Bio-ethics also features on Deirup’s somewhat anxious palette.  Her concerns about the current scientific penchant for genetic tinkering manifests in Hieronymous Bosch-style nightmares in paint – scary possible outcomes not conceptualised by evolution or nature.

Science has become the beacon for ‘Revelation’ in Jean-Pierre Roy’s painterly, post-divine, materialist world. “Classical Western Art traditions often have at their core a desire for "Revelation", he offers.  “As the material and existential unknowns formally relegated to the realm of the "divine" give up their secrets to the small, unwavering and clarifying lens of rational investigation, "Science" has become the beacon for this act of "Revelation" for a post-divine, materialist world-view.”

“The day to day evolution of the state of the scientific conversation makes it's way into my work- from Geology and Meteorology, to Thermodynamics and Particle Physics.  On a macro-level, my work seeks to evoke a place for the viewer to contemplate the act of discovery itself.
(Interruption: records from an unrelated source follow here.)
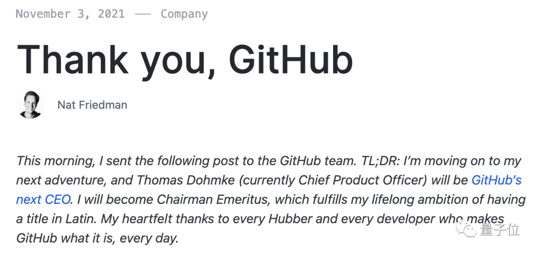 一句“Thank you, GitHub”,纳特·弗里德曼(Nat Friedman)——原GitHub CEO,正式宣布卸任。
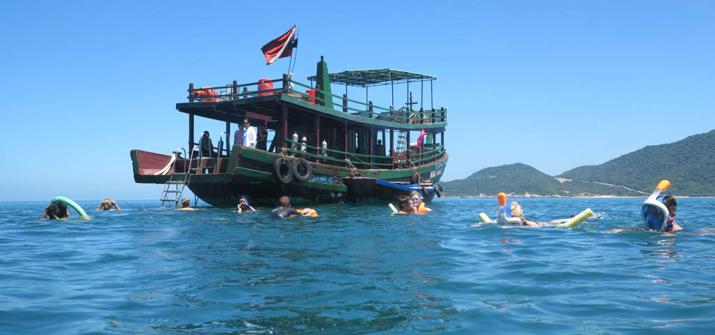 9:00: Go snorkeling at one of beautiful islets of Cham Island. Tropical fruits and cold beer or water will be served on board after you have enjoyed snorkeling)
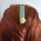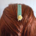 I took an Amazonite stick bead, turned it upside down and wire-wrapped it to the top of a pre-made hair fork. Before I finished off the wrap, I added a beautiful, cream colored reconstituted stone rose bead to the front, then finished off the wrap to hold it all in place.
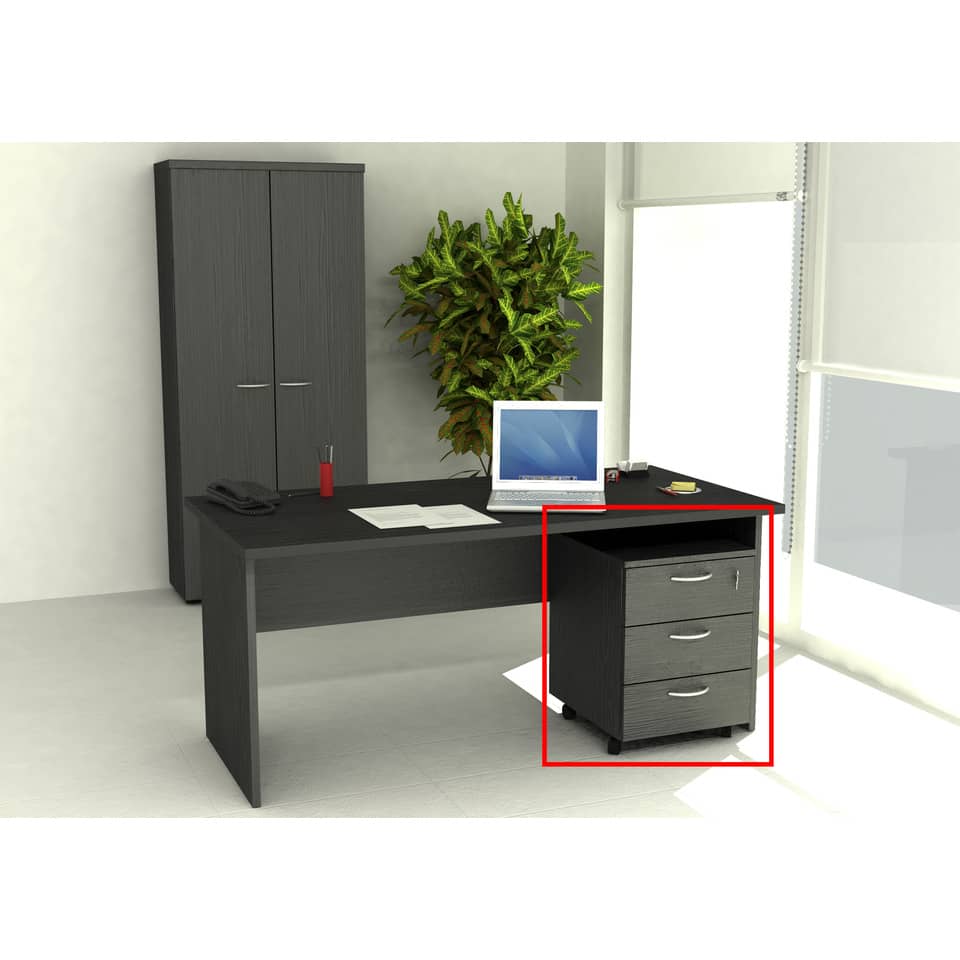 Cassettiera 3 cassetti, il primo con serratura, scorrevoli su guidemetalliche con fermo a fine corsa. Con ruote pivotanti. Dimensioni incm L43 P52 H59,5 cm, montata, nero ven. frassino
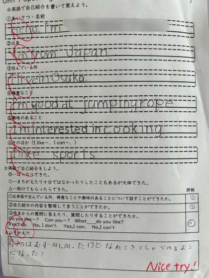など、自分の名前だけでなく得意なことや興味のあることも英語で発表することができました。
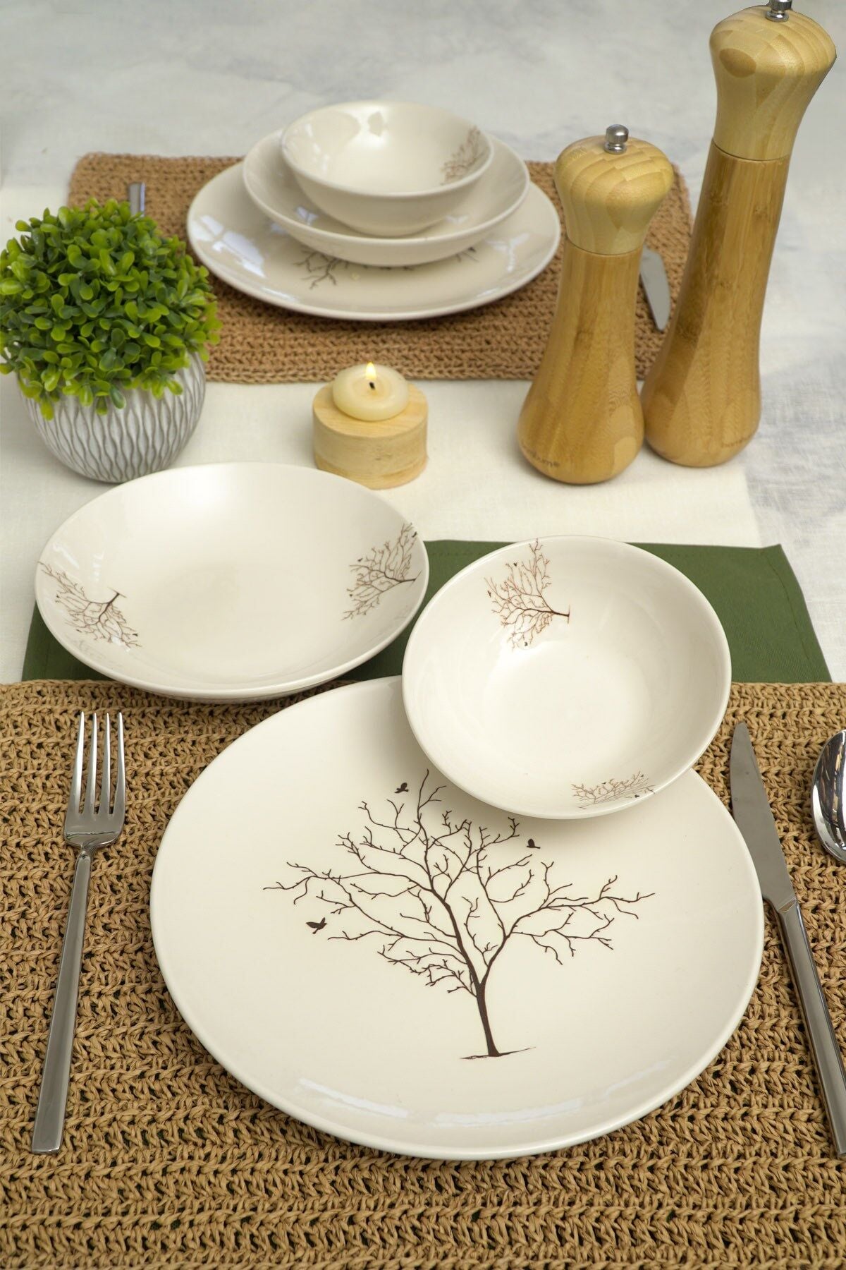 Hayat Ağacı 18 Parça 6 Kişilik Porselen Yemek Takımı
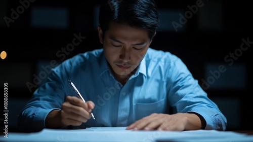 Financial Professional Analyzing Crisis Data with Spreadsheets in Dark Workspace
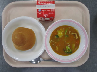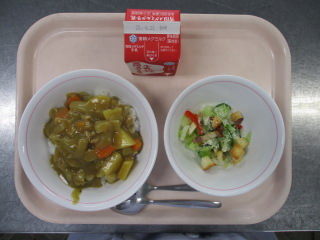 | チキンカレーライス 豆腐いりサラダ 牛乳 |

The Enlightenment gave rise to schools of sculptors and painters that sought to codify the "old world-view" shattering ideas of Christiaan Huygens, Galileo and Tycho Brahe.  Artists like Casper Davide Friedrich and painters from the American Luminist Tradition sought to move the sublime mysteries of the world out of the damp confines of the cloisters and pews of the church and out into the light of the now Sun-Centric planetary system and the dappled star light of a much larger cosmos”.

“Drawing on these traditions of light as a metaphor for the rational mind, my work continues to explore the luminous boundaries between the known and the unknown, or as 19th century mathematician Georg Cantor put it "the chasm between what he had seen and what he knew must be there, but could never reach." Lenny Campello gives us a virtual wink as he brings us back to the retro technology of Tube TV and old soap operas in his installation.  Featuring 1950’s couple Lucille Ball and Desi Arnaz in a classic bedroom farce moment from iconic series “I Love Lucy”, Desi walks in and catches Lucy in the arms of his fellow Cuban – Fidel Castro.   Storytelling and narrative will always be part of the fabric of what it is to be human, and Campello reminds us that technology, is often but a tool to plug in to this innate and ancient human need.

“My work has always been about the narrative and/or storytelling”, he  says. “My marriage of a traditional and well-established genre of art (such as drawing has been for centuries), with a modern form of technology is an attempt on my part to extend the narrative of the artwork via embedded videos or powerpoint presentations. The digital technology thus expands what the visual imagery offers via drawing and it adds more information, more clues, a deeper agenda.”

Finally, out of all the sidereal, technological and scientific wonder in this exhibition, and on this ‘small and lonely planet, travelling through casual space, past aloof stars, across the way of indifferent suns’ in “Space Junk”, U2 collaborator, and 3D pioneer Catherine Owens invites us to consider Maya Angelou’s heartening assertion:
When we come to it, we must confess
That we are the possible,
We are the miraculous,
We are the true wonder of this world.
So go on, put your miraculous self in the vortex of the organic conversation that emerges between these eclectic art works, and perhaps experience your own epiphany.  Claim your own Eureka! Moment.